Столовая была уже почти пуста, однако Маринина порция стояла нетронутой на столе. Это было странно: ей ведь всегда с трудом удавалось дотерпеть до ужина. Оставив Глебку за столом, Сапожников побежал в коттедж. Дома Марины не было. Никто не видел ее и во время ужина. Сапожников забрал Глебку, и они пошли искать Марину. Глебка воспринял это как веселую игру, и выяснилось, что у него уже есть некоторый опыт в этом занятии. Они обошли все известные мальчику явки, но Марину не нашли.

Переломив себя, Сапожников заглянул к Холодкову.

– Да вы не беспокойтесь, – сказал Холодков. – Она жива-здорова, найдется… Вы же знаете женщин… Сидит где-нибудь, ведет умную беседу…

– Где? – хрипло спросил Сапожников. Он смотрел на Холодкова, требуя от него прямого ответа, почти уверенный, что такой человек должен догадываться, должен знать – может, поэтому у него был давеча такой сострадающий вид. – Где?

– В мастерских здешних гениев вы были?

– При чем тут мастерские? – начал Сапожников надменно, потом добавил совсем тихо: – Был…

– Спросите еще у Евстафенки…

Сапожников ушел, не поблагодарив за совет. В морду бы ему дать за такой совет. При чем тут Евстафенко? Однако ему самому уже приходило в голову…

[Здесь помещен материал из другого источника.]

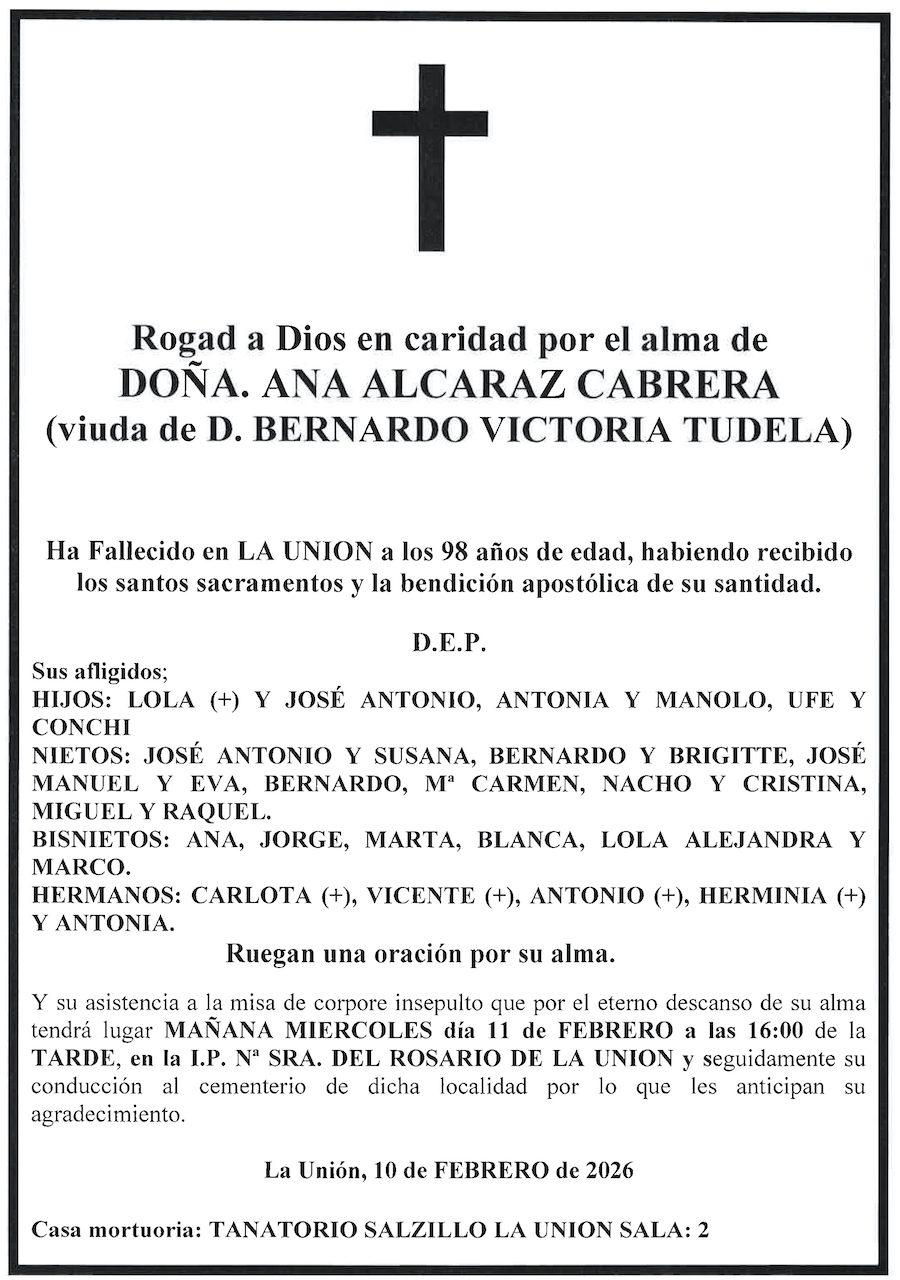 Sus afligidos hijos (Lola+ y José Antonio, Antonia y Manolo, Ufe y Conchi), nietos (José Antonio y Susana, Bernardo y Brigitte, José Manuel y Eva, Bernardo Mª Carmen, Nacho y Cristina, Miguel y Raquel), bisnietos (Ana, Jorge, Marta, Blanca, Lola, Alejandra y Maco), hermanos (Carlota+, Vicente+, Antonio+, Herminia+ y Antonia) ruegan una oración por su alma y su asistencia a la misa de 'corpore insepulto' que por el eterno descanso de su alma tendrá lugar este miércoles, 11 de febrero, a las cuatro de la tarde, en la iglesia parroquial de Nuestra Señora del Rosario de La Unión y, seguidamente, a su conducción al cementerio de dicha localidad, por lo que les anticipan su agradecimiento.

У Евстафенко было темно. Сапожников вспомнил, что ужин Евстафенко тоже стоял нетронутым на столе. Но у него ведь часто банкеты… Сапожников уложил Глебку и упорно продолжал искать ее, убеждая себя, что ничего не могло случиться, ну сидит, ну разговаривает, да что, она ребенок, что ли…

Потом он вдруг вспомнил снисходительно-жалостливый взгляд Холодкова, его терпеливые советы, вспомнил эти последние дни, день за днем, час за часом: подозрения выстраивались в стройную систему, в законченную картину, и Сапожников начал метаться по опостылевшему вдруг Коктебелю. Он готов был кричать, звать на помощь, потому что сейчас, в эту самую минуту что-то происходило здесь, поблизости, или только еще должно было произойти, а он не мог остановить этого, хотя был рядом, не мог ничему помешать… И тут он в первый раз пожалел, что прилетел с Камчатки, что вообще прилетал "убедиться". Ему стало невыносимо тяжко на людной набережной, показалось, что все знают о его подозрениях, о его несчастье и смеются над ним. Он ушел в глубину волошинского сада, опустился на скамейку и лишь спустя долгое время заметил, что сидит не один. Сапожников не мог бы сказать наверняка, сидел ли здесь раньше этот полный, бородатый, добродушный человек, или он появился только что, бесшумно присел на скамейку рядом с Сапожниковым и тактично молчал. Было в нем что-то располагавшее к себе, и Сапожников почувствовал, что вот этому человеку, настоящему собрату по искусству и по несчастью, он может рассказать все. А может и ничего не говорить, просто сидеть с ним рядом, на одной скамье… Сапожников не смог бы сейчас объяснить, откуда он знает этого человека и знает ли его вообще. Не смог бы даже объяснить, откуда он узнал, что это собрат по искусству, да еще к тому же собрат по несчастью, – как не умел объяснить, например, как и когда научился он говорить по-русски: ему казалось, что он "всегда умел". И вот теперь, когда человек этот вдруг заговорил – что за приятный у него был выговор, самый выговор свидетельствовал о школе, об окружении, о долгой учебе, о странствиях, – теперь, когда он вдруг заговорил, Сапожникова вовсе не удивило, что он словно бы отвечает на мысли самого Сапожникова.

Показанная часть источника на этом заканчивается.